Ripon is enjoying people that reside in the Modesto area and work in Tracy distribution centers using backroads to cross the San Joaquin River via Airport Way and then drive through Ripon to reach Highway 99 to avoid the 120 Bypass snafu making their community of 17,000 seem as if it is as bad as the streets of Manteca between 3 and 6 p.m. on weekdays.
How bad is it? Ripon police during 16 days of targeted enforcement on week days between 4 and 6 p.m. made 84 traffic stops at the signalized Jack Tone Road and Main Street intersection. Forty-one motorists got off with warnings. There were 43 citations including 30 for red-light violations.
At other times simply observing officers witnessed upwards of 20 red light runners per hour. Rest assured if a plainclothes officer stood near an intersection in Manteca for an hour during peak driving times he could tally numbers that makes the Ripon count bush league in comparison.
The solution of a red light camera system runs between $4,000 and $4,500 apiece. If Manteca made a one-time investment of $150,000 citywide — the equivalent of salary, benefits, and related costs for hiring a police officer that then becomes a reoccurring cost — the odds are red light running would be reduced drastically.
Manteca pondered red-light cameras on Main Street some 17 years ago but the council backed down because of people angry they would be unfairly picked out. Technology has changed significantly since then as has the rules governing tickets generated by such systems.
The only ones who should truly fear them are the 5 to 10 percent of the motoring public that willfully ignore amber and red lights even though there is a good three to five second pause between the time a light turns red for one direction of travel and lights turning green for cross traffic.

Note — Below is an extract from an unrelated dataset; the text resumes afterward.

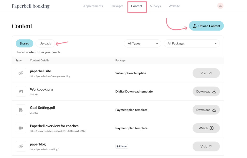 You can see what you’ve shared with your coach from the Uploads tab.

If the rest of us that don’t make red light running a part of our daily routine occasionally get caught up because we weren’t paying attention, it certainly will help us not backslide if we are slapped with a fine we deserve. Going forward it would cause us to be more alert after taking a hit in the pokcetbook.
Red-light systems are effective because they put a check on the vast majority of drivers that aren’t overdosing on self-absorption and anti-social attitudes that are necessary to wholesale ignore traffic laws but are caught up in the Wild West mentality that is becoming more and more prevalent on Manteca streets.